Look for the line containing "每位魔神都附带有对应的魔神助战技能,如增加防御百分比、攻击力百分比等。" and the line containing "可承擔公路工程:土、集料、巖" in the entries below. Copy those two and all lines between them exactly, leaving out pictures.

▶ [Task material]:
# # # #

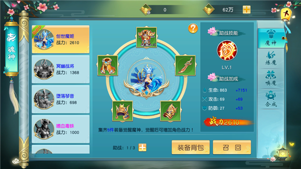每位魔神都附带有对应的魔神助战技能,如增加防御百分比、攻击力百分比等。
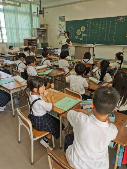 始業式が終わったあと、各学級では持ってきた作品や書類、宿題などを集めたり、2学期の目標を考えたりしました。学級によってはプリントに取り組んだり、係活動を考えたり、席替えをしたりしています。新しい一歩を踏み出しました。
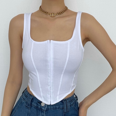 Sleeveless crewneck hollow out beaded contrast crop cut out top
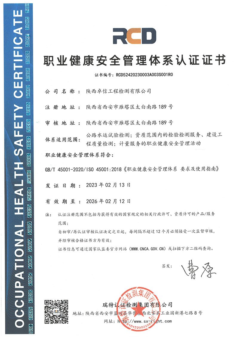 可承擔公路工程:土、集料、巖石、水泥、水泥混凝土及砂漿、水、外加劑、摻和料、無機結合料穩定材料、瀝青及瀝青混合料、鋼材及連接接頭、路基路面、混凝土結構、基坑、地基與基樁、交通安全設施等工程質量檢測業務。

# # # #

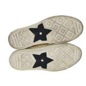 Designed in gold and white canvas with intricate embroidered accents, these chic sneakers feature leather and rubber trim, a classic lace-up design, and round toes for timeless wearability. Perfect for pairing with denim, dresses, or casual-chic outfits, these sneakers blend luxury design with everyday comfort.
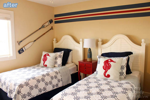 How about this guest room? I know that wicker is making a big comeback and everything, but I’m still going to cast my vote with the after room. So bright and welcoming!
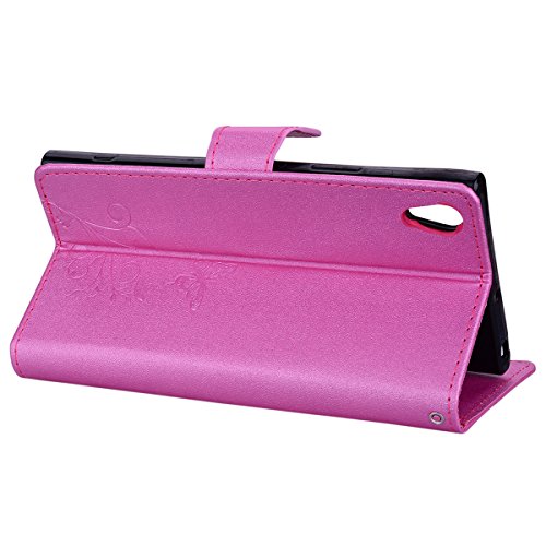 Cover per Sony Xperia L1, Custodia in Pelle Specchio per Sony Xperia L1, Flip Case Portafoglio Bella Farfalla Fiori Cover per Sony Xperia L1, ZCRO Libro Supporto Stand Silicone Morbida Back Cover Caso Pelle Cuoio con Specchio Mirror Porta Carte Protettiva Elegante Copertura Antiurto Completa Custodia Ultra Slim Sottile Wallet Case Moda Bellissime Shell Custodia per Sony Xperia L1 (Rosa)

# # # #

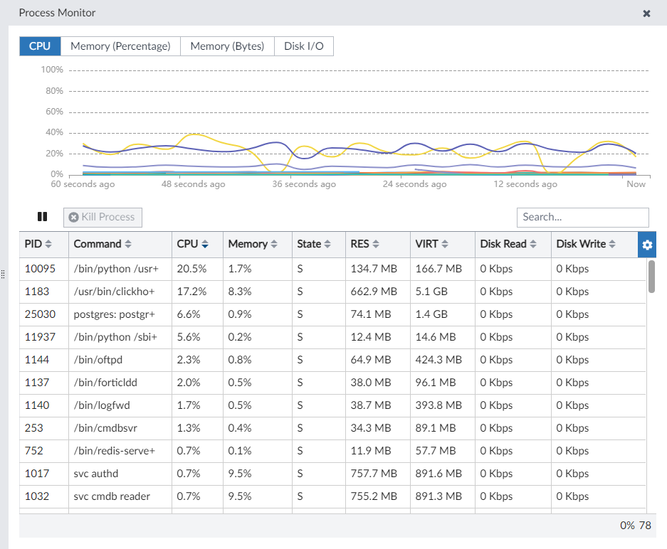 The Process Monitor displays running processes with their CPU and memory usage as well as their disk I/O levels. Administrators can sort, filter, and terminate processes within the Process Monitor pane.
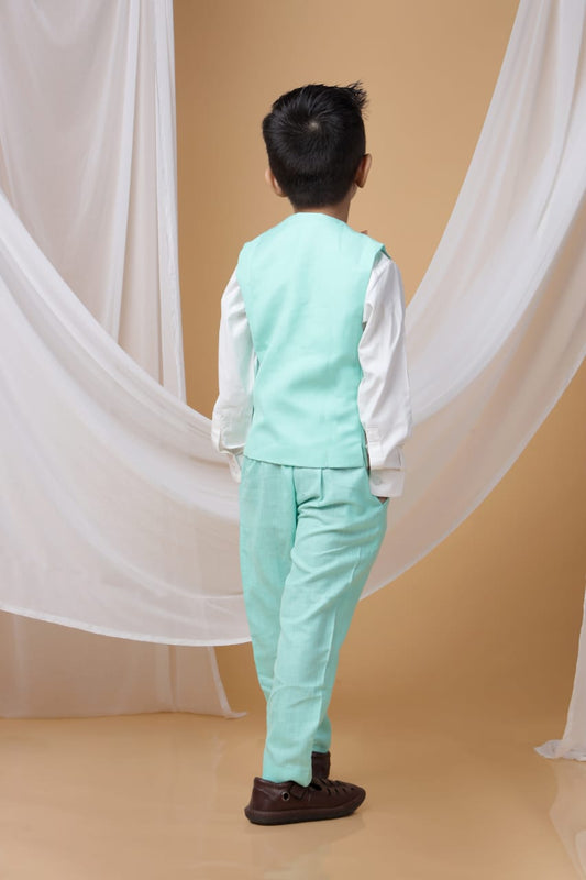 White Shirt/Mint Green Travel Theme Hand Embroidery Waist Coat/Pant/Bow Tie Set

# # # #

▶ [Problem solution]:
每位魔神都附带有对应的魔神助战技能,如增加防御百分比、攻击力百分比等。
 始業式が終わったあと、各学級では持ってきた作品や書類、宿題などを集めたり、2学期の目標を考えたりしました。学級によってはプリントに取り組んだり、係活動を考えたり、席替えをしたりしています。新しい一歩を踏み出しました。
 Sleeveless crewneck hollow out beaded contrast crop cut out top
 可承擔公路工程:土、集料、巖石、水泥、水泥混凝土及砂漿、水、外加劑、摻和料、無機結合料穩定材料、瀝青及瀝青混合料、鋼材及連接接頭、路基路面、混凝土結構、基坑、地基與基樁、交通安全設施等工程質量檢測業務。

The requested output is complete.